# How do you find the instantaneous rate of change of f(x)=x^2-2/x+4 at x=-1?

Jul 6, 2015

At $x = - 1$, the instantaneous change rate of $f \left(x\right)$ is null.

#### Explanation:

When you calculate a function's derivative, you obtain an other function representing the variations of the first function's curve's slope.

A curve's slope is the instantaneous variation rate of the curve's function at a given point.

Therefore, if you are looking for the instantaneous variation rate of a function at a given point, you should calculate this function's derivative at said point.

$f \left(x\right) = {x}^{2} - \frac{2}{x} + 4 \rightarrow$ variation rate at $x = - 1$?

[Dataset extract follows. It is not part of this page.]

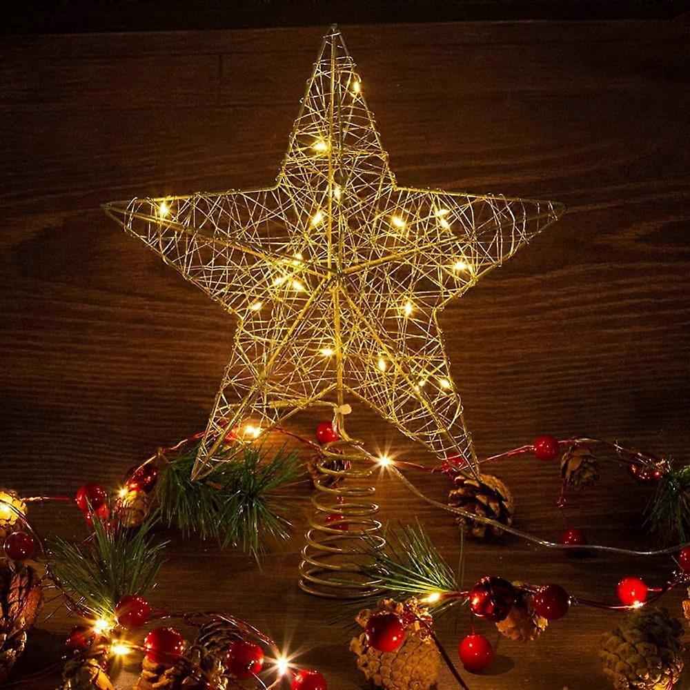 6 Inches Metal Glittered Christmas Tree Topper Star Treetop Decoration for Christmas Home Decor

Calculating the derivative:

$f ' \left(x\right) = \frac{d \left({x}^{2}\right)}{\mathrm{dx}} - \frac{d \left(\frac{2}{x}\right)}{\mathrm{dx}} + \frac{d 4}{\mathrm{dx}}$

$= 2 x - \left(- \frac{2}{x} ^ 2\right) + 0 = 2 x + \frac{2}{x} ^ 2$

Now, you just need to replace $x$ in $f ' \left(x\right)$ with its given value, $x = - 1$

$f ' \left(- 1\right) = 2 \left(- 1\right) + \frac{2}{- 1} ^ 2 = - 2 + 2 = 0$

The derivative is null, therefore the instantaneous change rate is null and the function doesn't increase or decrease at this specific point.